"The Big Night" Vernal Pool Life - March

 At Nobscot Scout Reservation, there are a couple of vernal pools. I have been visiting one in particular, called "Nupsee Pond", frankly because it's closer to the parking lot than the rest, it isn't surrounded by thorny greenbrier vines on all sides, and it's significantly larger and more well lit than the other four vernal pools in the Nobscot area. A vernal pool is a small, freshwater pond, but what makes them so important, is that they dry up sometimes. Completely. Therefore, everything that lives there has adapted some way, some part of it's life cycle, that allows it to live on land. This means that fish can't live there, which is vital to the survival of amphibian larvae. This makes vernal pools into the amphibian breeding grounds that they are. Grey tree frogs, american toads, green frogs, eastern newts, and more breed in them. Species like the wood frog and spotted salamander can only reproduce in vernal pools. For a few rainy days in late March (assuming you live in Massachusetts), the vernal pools become deafening, as wood frogs and spring peepers emerge from hibernation, and begin to attract females with their calls. 

This type of loud rainy night is commonly called "The Big Night" by naturalists. When the first warm rainstorm of spring occurs, the ground thaws, and all the amphibians emerge, and migrate to vernal pools. They will then wait nearby the vernal pools, until the ice completely melts off from further rain, and that's when the chorus begins. Peepers and wood frogs drown out the bird's calls, and my own voice, but as of the 19th, the wood frogs were only starting up:

 

...More quietly, spotted salamanders enter the water under the cover of darkness. Hundreds. The male will grip the female's neck, in a position called amplexus which is practiced by most amphibians. When the male thinks he has persuaded the female, he will let her go, and deposit a sac of sperm, called a spermatophore which she may absorb, or ignore. The following morning, the vernal pool's bottom is dotted by the little white sacs, which were rejects. During the day, the spotted salamander will quietly waddle back onto land, and burrow itself under the leaf litter, and logs. Because of it's burrowing ability, the group of salamanders the spotted salamander belongs to are called the "mole salamanders". You have a chance of finding one if you lift up logs around the pond they were recently breeding in. I did on the 19th, and I was successful. At six inches long, this was the biggest salamander iv'e ever found in my life:


  

something makes me thing that the amphibian's breeding is only beginning. There are still patches of ice on some of the pools, and unlike after last year's big night, I couldn't find a single egg mass. The little things are just revving up. Why not save the fun for after the ice is out of the way?
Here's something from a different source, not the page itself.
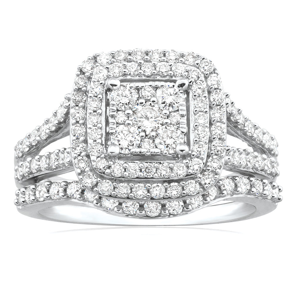 9ct White Gold 2 Ring Bridal Set With 1.2 Carats Of Diamonds
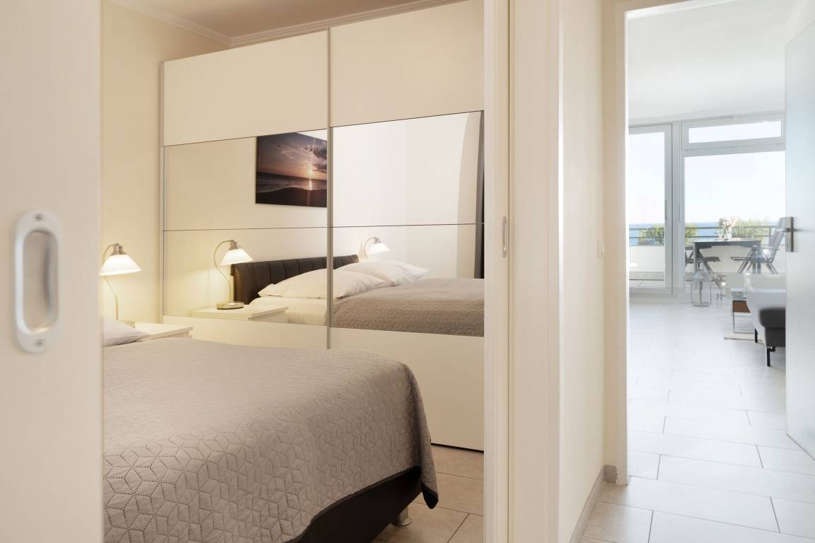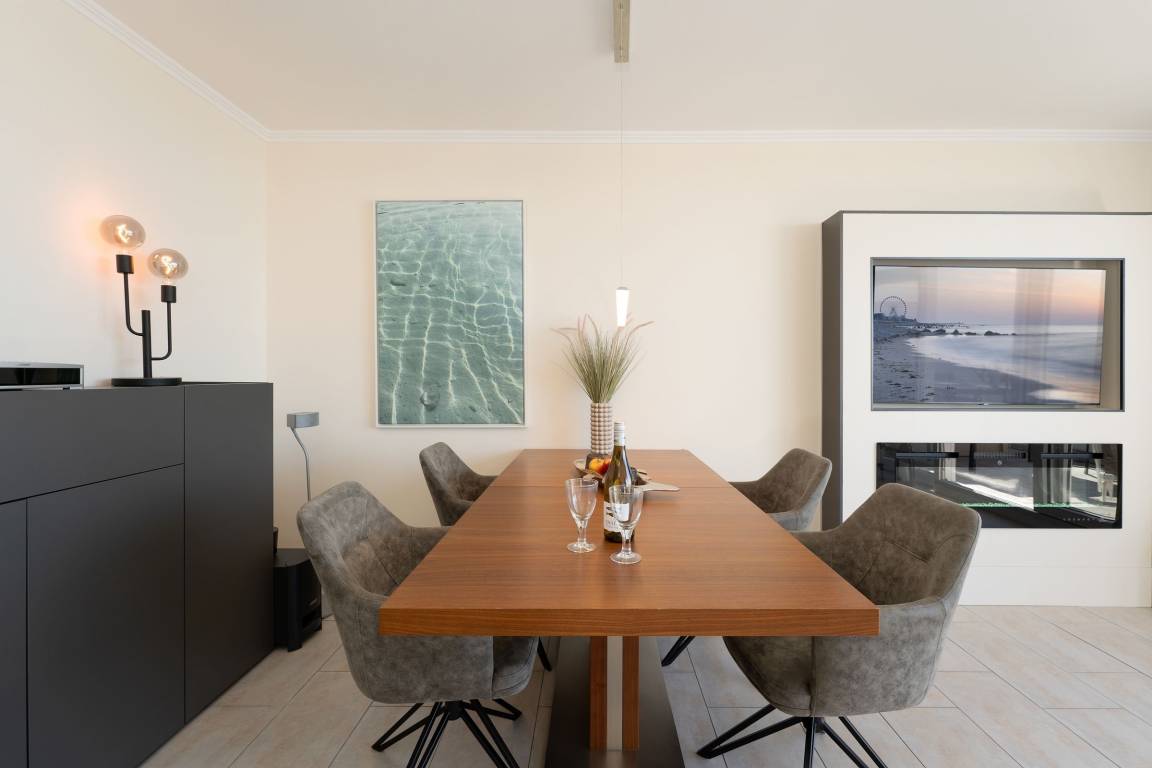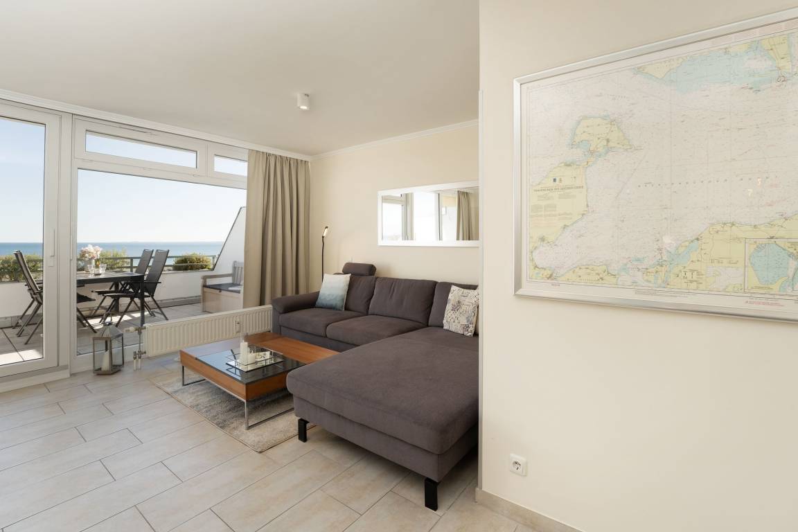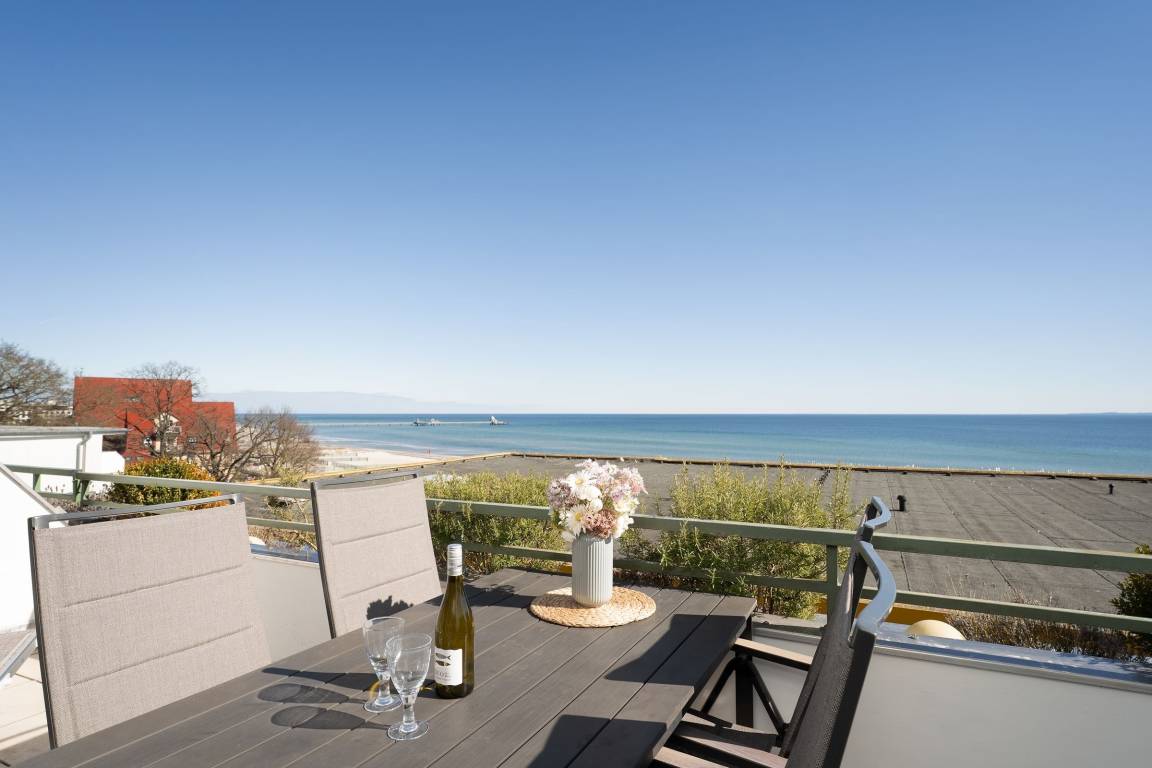Auf dem ca. 16 m² großem Balkon mit Südostausrichtung finden Sie bequeme Sonnenliegen vor, auf denen Sie sich bei guter Seeluft und Meerblick entspannen können. Sie können den Seeblick vom Sofa auf die Ostsee und Seebrücke genießen. Das großzügig geschnittene Wohnzimmer mit gemütlicher Rundcouchecke, großem Smart-TV und Elektrokamin bietet die perfekte Kulisse. Dank extra schnellem High-Speed-WLAN wird es auch an Regentagen nie langweilig. In der gut ausgestatteten, separaten Küche mit Nespresso Kapselmaschine für leckeren Kaffee lassen sich leckere Gerichte zaubern. Das Schlafzimmer mit Doppelbett (2x 90x200 cm) mit eigenem TV ist mit verdunkelnder Gardine ausgestattet. Vom Essbereich mit großem, ausziehbaren Esstisch können Sie ebenfalls den traumhaften Blick auf das Wasser genießen. Das innenliegende, moderne Badezimmer verfügt über eine Dusche sowie ausreichend Stauraum für Ihre Badutensilien. Der Fußboden der gesamten Wohnung ist mit Fliesen ausgelegt. Das Wäscheset ist in dieser Unterkunft für Sie inklusive!

All three times that I visited the vernal pool in March, I would start walking around the pond, and a flock of wood ducks would shoot up, out of the bushes, screaming and whistling the whole time. They would then flap all the way to the other vernal pool. When I went to that vernal pool, they would repeat the process and fly back. I couldn't get a decent photo. Good thing I had a trail cam in my backpack. I tied the camera to a tree, facing the water's edge. Three days later, when I checked it again, there were plenty of videos of them, as well as mallard ducks, and photos of a wading white tail deer...





Wood ducks nest inside cavities dug by woodpeckers, inside trees. In April, the eggs hatch, and the ducklings jump from the hole, and meet up with their mom in the water. I found this, near where the wood ducks were swimming. Do you think it's a wood duck nest? (Comment)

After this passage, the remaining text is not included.